In today’s Gospel from St. Luke, Jesus tells his disciples that “The Son of Man must suffer greatly and be rejected by the elders, the chief priests, and the scribes, and be killed and on the third day be raised.”
You can imagine how this must gone over with his disciples, who thought they were following someone who was going to overthrow the existing power structure and reign supreme in this world.
But we know that God did not incarnate to rule the world in the sense in which the disciples thought He would. Instead of a ruler of the world, we get a suffering God, a crucified God. What do we make of that?
Theologians have found different ways to understand and talk about what Jesus’ suffering means. I read an interpretation new to me in the chapter of a book by Elizabeth Johnson that my friend Richard sent to me. Talking about the theology of German theologian Jurgen Moltmann, Johnson writes that Moltmann compolses a midrash, an imaginative gloss on the crucifixion. She writes,
How should we think about God from the godforsakeness of the cross? Rather than explaining it away, we should hear it literally. This terrible cry [‘My God, My God, why have you forsaken me?”] reveals that on the cross something is going on between God and God. Handed over by his Father for the sake of sinners, the Son is rejected and actually abandoned by God. He sufferes violence and dies a godforsaken death.
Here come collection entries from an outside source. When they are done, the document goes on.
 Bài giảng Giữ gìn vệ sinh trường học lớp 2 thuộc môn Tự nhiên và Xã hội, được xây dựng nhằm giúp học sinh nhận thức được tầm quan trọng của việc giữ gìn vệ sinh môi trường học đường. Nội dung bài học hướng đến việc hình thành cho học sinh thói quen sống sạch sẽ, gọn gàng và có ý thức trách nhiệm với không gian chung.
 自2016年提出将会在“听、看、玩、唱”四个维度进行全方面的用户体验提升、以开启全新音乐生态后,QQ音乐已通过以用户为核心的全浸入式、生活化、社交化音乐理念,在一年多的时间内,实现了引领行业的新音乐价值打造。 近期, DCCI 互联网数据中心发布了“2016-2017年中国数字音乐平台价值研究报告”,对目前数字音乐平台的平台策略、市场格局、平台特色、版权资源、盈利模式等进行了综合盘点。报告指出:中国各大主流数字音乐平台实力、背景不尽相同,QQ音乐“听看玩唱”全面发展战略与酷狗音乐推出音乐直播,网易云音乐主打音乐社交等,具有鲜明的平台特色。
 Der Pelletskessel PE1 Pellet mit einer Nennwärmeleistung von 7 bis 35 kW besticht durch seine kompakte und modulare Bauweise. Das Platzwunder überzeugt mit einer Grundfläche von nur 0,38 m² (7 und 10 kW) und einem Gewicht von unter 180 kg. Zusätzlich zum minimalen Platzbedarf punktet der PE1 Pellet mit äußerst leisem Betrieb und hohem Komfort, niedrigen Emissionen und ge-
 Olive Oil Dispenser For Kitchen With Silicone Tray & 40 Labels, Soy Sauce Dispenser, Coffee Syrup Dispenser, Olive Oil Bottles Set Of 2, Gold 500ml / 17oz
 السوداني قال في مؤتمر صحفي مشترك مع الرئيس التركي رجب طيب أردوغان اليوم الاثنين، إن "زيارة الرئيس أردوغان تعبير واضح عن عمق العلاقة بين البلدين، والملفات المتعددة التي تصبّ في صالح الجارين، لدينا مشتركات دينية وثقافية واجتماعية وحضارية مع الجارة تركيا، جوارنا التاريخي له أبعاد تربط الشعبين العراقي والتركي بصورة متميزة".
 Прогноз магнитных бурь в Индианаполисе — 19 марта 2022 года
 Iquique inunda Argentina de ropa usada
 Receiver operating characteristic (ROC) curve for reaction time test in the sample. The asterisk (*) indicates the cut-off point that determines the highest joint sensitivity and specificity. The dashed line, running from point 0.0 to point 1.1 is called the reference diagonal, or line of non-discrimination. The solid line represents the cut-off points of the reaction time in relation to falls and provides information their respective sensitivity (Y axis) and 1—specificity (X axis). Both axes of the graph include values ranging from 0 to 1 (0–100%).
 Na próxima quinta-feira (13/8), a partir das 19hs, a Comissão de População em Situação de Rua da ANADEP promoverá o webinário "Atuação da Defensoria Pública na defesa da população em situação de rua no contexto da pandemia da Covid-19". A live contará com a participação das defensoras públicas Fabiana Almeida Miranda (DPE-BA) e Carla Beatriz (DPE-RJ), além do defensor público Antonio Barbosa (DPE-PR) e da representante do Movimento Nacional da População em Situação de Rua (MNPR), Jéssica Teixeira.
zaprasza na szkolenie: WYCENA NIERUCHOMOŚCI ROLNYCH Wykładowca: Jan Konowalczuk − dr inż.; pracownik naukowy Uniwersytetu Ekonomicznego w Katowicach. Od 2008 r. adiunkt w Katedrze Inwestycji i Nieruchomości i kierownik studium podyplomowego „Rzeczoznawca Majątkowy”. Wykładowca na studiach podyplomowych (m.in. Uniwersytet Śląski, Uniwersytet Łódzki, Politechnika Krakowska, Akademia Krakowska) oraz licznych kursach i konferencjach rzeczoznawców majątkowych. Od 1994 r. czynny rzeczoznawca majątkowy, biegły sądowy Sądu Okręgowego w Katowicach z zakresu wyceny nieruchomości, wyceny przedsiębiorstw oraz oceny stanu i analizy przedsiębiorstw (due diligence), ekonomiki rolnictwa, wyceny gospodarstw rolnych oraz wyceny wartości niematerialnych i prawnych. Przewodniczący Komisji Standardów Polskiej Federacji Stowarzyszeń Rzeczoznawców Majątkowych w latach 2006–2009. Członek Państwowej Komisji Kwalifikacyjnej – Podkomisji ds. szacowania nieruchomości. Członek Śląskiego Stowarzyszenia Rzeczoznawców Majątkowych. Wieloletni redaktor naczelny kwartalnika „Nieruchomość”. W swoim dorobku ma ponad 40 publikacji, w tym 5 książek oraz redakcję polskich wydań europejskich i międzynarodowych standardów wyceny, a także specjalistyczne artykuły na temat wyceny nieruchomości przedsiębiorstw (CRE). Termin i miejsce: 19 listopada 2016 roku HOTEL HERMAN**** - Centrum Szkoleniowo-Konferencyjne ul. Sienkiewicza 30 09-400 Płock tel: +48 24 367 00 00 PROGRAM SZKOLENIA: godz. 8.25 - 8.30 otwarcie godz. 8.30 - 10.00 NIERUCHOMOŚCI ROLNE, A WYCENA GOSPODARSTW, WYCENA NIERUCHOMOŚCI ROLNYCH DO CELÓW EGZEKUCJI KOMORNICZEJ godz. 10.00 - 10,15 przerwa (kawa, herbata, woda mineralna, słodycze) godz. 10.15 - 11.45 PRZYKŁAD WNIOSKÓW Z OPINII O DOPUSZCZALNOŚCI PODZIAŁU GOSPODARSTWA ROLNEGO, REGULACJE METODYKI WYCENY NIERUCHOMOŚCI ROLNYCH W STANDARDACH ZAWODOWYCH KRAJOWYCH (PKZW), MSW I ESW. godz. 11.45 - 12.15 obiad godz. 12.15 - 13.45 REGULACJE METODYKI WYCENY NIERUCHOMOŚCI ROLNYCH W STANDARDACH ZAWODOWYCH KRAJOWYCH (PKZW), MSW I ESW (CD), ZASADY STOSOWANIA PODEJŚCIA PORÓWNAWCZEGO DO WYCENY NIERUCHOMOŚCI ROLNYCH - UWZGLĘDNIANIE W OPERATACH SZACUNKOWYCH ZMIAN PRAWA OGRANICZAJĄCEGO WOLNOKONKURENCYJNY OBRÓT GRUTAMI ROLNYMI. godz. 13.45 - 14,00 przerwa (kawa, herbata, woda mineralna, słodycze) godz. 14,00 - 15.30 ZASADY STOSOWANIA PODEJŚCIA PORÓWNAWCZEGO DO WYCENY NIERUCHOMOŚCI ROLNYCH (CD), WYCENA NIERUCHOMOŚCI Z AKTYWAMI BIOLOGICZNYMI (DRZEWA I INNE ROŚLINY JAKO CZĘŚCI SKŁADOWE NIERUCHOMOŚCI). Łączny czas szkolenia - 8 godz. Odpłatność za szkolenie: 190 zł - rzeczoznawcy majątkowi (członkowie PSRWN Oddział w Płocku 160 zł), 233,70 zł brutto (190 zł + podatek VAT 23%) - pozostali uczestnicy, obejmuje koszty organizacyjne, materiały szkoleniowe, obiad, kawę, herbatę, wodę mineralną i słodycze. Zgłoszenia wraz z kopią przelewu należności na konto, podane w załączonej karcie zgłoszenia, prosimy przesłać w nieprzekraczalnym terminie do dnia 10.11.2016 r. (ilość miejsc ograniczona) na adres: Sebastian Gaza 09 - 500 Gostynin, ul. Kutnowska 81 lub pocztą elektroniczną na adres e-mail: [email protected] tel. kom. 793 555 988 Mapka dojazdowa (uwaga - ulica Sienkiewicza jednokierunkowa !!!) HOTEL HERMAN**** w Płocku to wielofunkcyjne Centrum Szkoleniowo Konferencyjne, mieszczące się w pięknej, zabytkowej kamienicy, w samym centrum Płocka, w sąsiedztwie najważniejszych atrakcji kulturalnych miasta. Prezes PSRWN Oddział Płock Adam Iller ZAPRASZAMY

Moltmann dares a further step. While his Son is dying on the cross, God the Father suffers too, but not in the same way. The Father suffers the loss of the Son, experiencing infinite grief. There is total separation between them; they are lost to each other. At the same time, however, they have never been so close. They are united in a deep community of will, each willing to do this for love of the world. As a result, the Holy Spirit who is love, the Spirit of their mutual love, flows out into the broken, sinful world. Their Spirit justifies the godless, rescues the abandoned, befriends the lonely, fills the forsaken with love, brings the dead alive, and guarantees that no one will ever again die godforsaken because Christ is already there in the depths of abandonment.
That should give you something to contemplate today as you sit with today’s Gospel.